While density, durability and stainability are among some of the top attributes of ash (Fraxinus americana), many woodworkers aren’t taking full advantage of its affordability due to several factors, according to lumber professionals interviewed by Woodshop News. Some say buyers simply prefer more mainstream domestics, while others point to the misconception that it’s been completely wiped out by the Emerald Ash Borer (EAB).

The EAB is an invasive beetle first discovered in southern Michigan in 2002 and is now responsible for the destruction of tens of millions of ash trees in 30 states.

“It’s very common that when somebody comes in here for walnut and they don’t have the pocketbook for it, we end up switching them to ash,” says Dave Norman of Parkerville Wood Products in Manchester, Conn. “One of the reasons is because ash stains up really well. You can get it to look like walnut. It’s got a very similar grain pattern. It’s got the deep cathedrals like oak, but it doesn’t have the open pores in between them.

“It’s kind of is a win-win in two directions: people like that it’s economical right now and when you explain that maybe 10 years down the road it’s going to be hard to find, it gives it that much more appeal.”

Mike Pierce of Holt and Bugbee Co. in Tewksbury, Mass. says most of the ash he sells goes to flooring, paneling and decorative projects, but design trends make it less favorable compared to other species.

“We get some decent jobs every now and then, but I wouldn’t say ash is too popular in the design world right now. Some people might use it if they’re using a dark stain, but light stains seem to be all the rave now, especially with flooring. And white oak just stains the best. You can put any type of stain on white oak. Ash is not like that. If you get the mixture in color with the heartwood and sapwood, it’s hard to stain,” says Pierce.
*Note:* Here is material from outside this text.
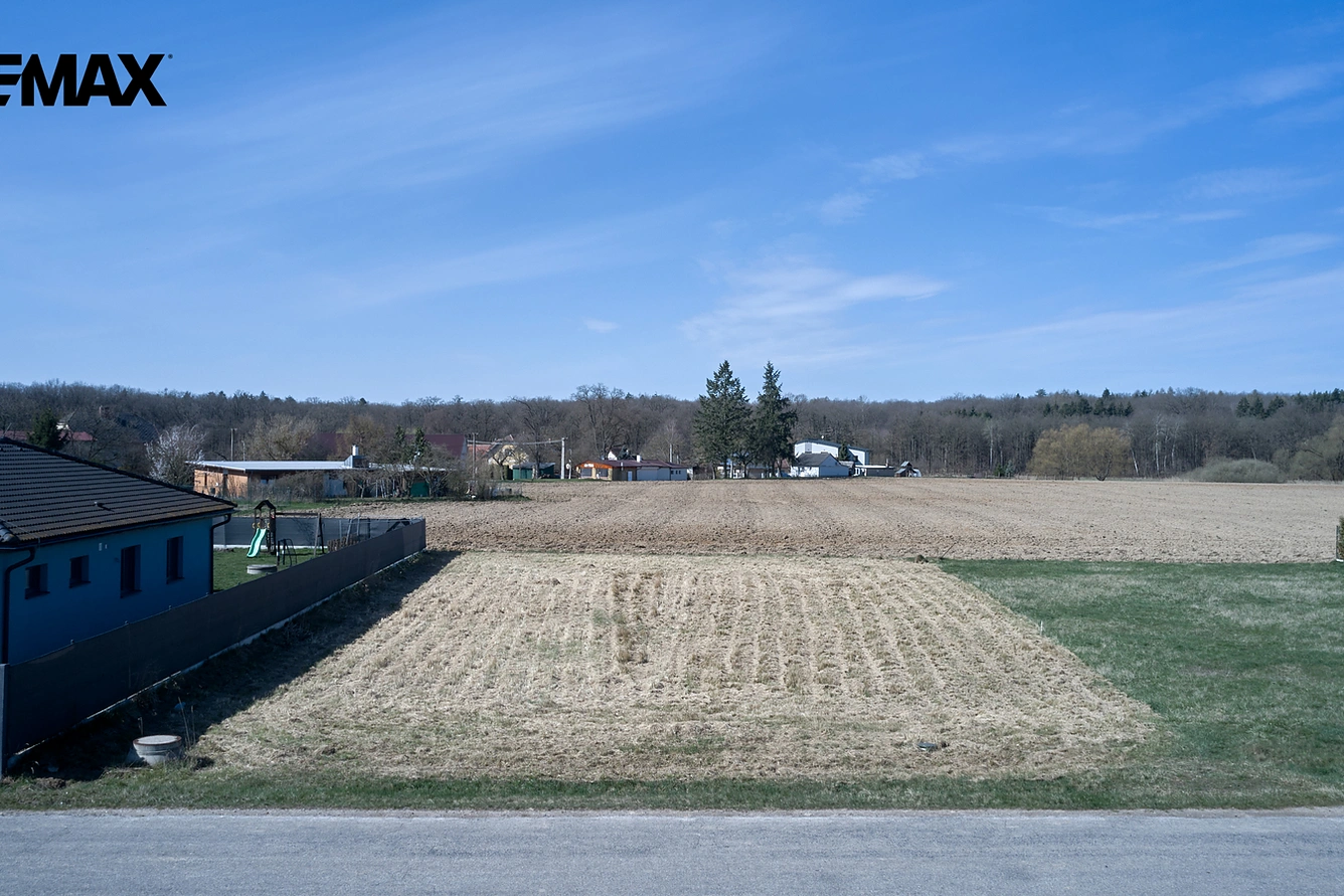 Pozemek ve tvaru pravidelného obdélníku o rozměrech přibližně 20 mx43 m je rovinatý, výborně orientovaný a jeho celková výměra je 1004 m2 (vizualizace umístění rodinného domu na pozemku - foto v inzerci). Obecní vodovodní řád je veden na druhé straně silnice, kanalizace přímo na pozemku a elektřina na hranici pozemku.
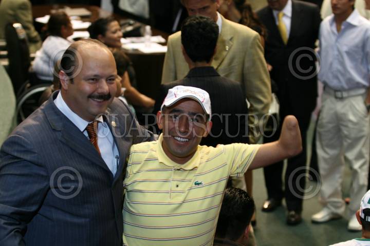 MÉXICO D.F., 16OCTUBRE2008.- Se realizó la sesión ordinaria en la Cámara de Diputados, a la cual acudieron deportistas olímpicos y paraolímpicos, algunos de ellos medallistas en las pasadas olimpiadas que se realizaron en China. En la imagen el diputado Cesar Duarte, hace entrega del reconocimiento a la medallista Nelly Edith Miranda. FOTO: GUILLERMO PEREA/CUARTOSCURO.COM

He says due to low demand, 4/4 ash retails for $2.80/bf, less than poplar. He adds that supply is plentiful but will likely change in the future.

“Availability is getting a little tighter because of the Emerald Ash Borer that’s kind of eating away at the product. So, it’s been a little tougher to get but all species are kind of tough to get right now,” says Pierce.

Michael Beck of Southern Indiana Sawmill in Salem, Ind., a woodworker of over 20 years who started a portable sawmill business in 2016, says he finds his customers aren’t necessarily aware of the abundance of usable ash due to the EAB situation.

“I can’t recall in the last six years anyone requesting ash. Many people think it’s extinct and that’s too bad. It’s one of the best woods to work with as far as workability and durability. It really holds up,” says Beck.